This fits the model K2 is persuing exactly.

>
>
> - Each course section can have one Membership record associated with
> it. This record maps which persons (sent in Person records and
> identified by the SourcedIDs of those records) are members of the
> Course Section.

yes, no problem here.

>
>
> - Course Section records may be semantically linked to each other by a
> Section Association record. The point here is to deal with the
> mismatch between the SIS and the LMS. For example, two cross-listed
> course sections may be separate from the registrar's purpose because
> they are in different departments, satisfy different degree/major
> requirements, etc., but the union of the two sections is, in the
> physical world, one group of students taught by one teacher in one
> room at one date/time. In LIS, the Section Association record
> preserves the registrar's view while providing the LMS with semantic
> hints that could be useful for things like course site provisioning.

I think that we have this covered, although it might require what we
are calling Dynamic groups. I think its would be worth mapping out
exactly how this will work to make certain that nothing is blocked. I
will have a think about this one and try and draw some mappings.


>
>
> - The LMS is expected to persist section membership information, in
> large part to make grade reporting possible. In other words, if the
> LMS merges two groups of students from different sections into one
> course site, the LMS grade book must be able to remember which
> students are members of which original sections.
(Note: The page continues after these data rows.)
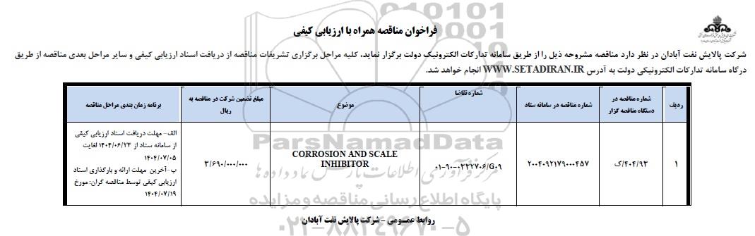 علاقهمندان میتوانند جهت دریافت اسناد و اطلاعات تکمیلی، مناقصه CORROSION AND SCALE INHIBITOR با سامانه مناقصات و مزایدات ایران پارسنماد داده ها 88349670 تماس حاصل نمایند.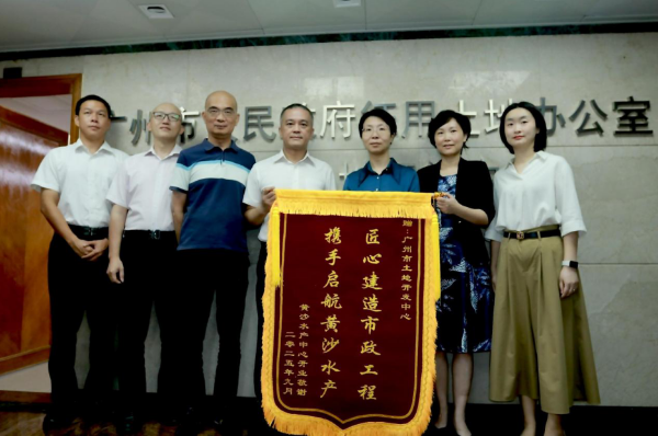 9月初,位于荔湾区东洛围码头的黄沙水产中心正式开业,近日,黄沙水产中心有关负责人专程来到广州市土地开发中心(以下简称市土发中心)赠送锦旗,感谢市土发中心在完善道路及管网建设方面的强力支持,为黄沙水产中心顺利运营提供了重要保障。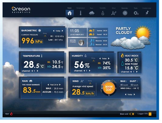 Patrząc na nowy produkt firmy Oregon, nie sposób się oprzeć wrażeniu, że może to być konkurencja dla Davis Vantage Pro2. WMR300 ma zasięg 300m, działa w paśmie 868Mhz i może współpracować z 12 czujnikami zewnętrznymi (w tym: 8 temp/wilg, 1 UV, 1 promieniowania słonecznego). Dane pogodowe są zapisywane w pamięci (do 341 dni, przy interwale co 15 minut), możemy je zgrać (przez USB) i analizować na PC.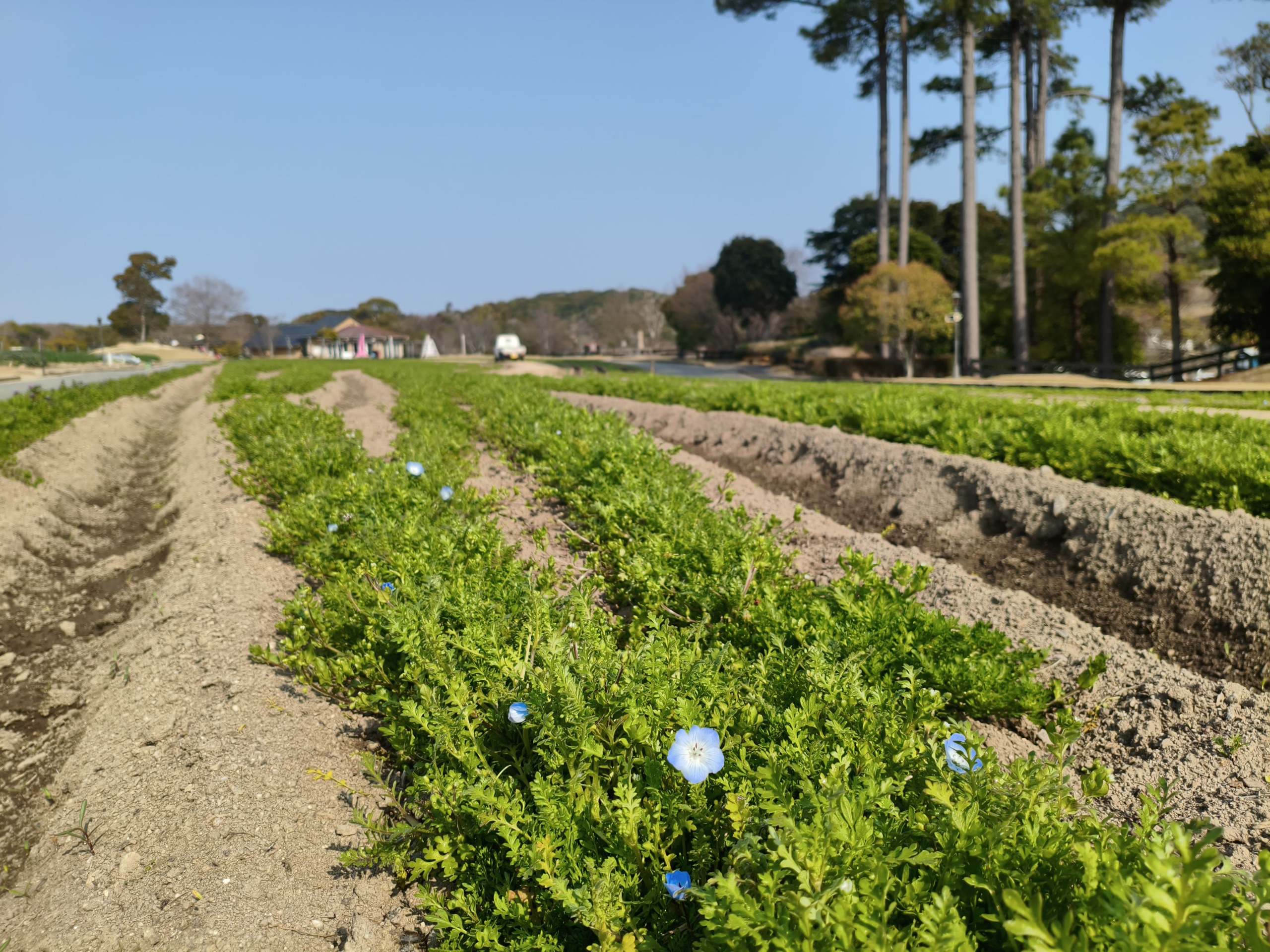 一面が明るく澄んだ青色の花畑になるのは4月半ばころになりそうです。

Yes, absolutely, K2 stores its view of groups and persists them in is
user and group structure, all changes are also versioned with
timestamps, so even if associations change we can look back in time.

>
>
> - Course Section records may have (but are not required to have)
> parent Course Offering records which, in turn, may have parent Course
> Template records. These record types are very similar to but not
> identical to constructs in the CM-API. Cris probably knows more than I
> do about how the two map to each other in practical experience.


parents of parents of parents etc etc etc are no problem. I haven't
thought exactly how to represent templates at the moment other than to
mark group structures as being templates and to take copies. We don't
at the moment have linked templates where changing the template will
cause changes throughout the system. That would be an extra change to
the standard User and group structure. It would probably follow an
"extends" type pointer between the real and template group.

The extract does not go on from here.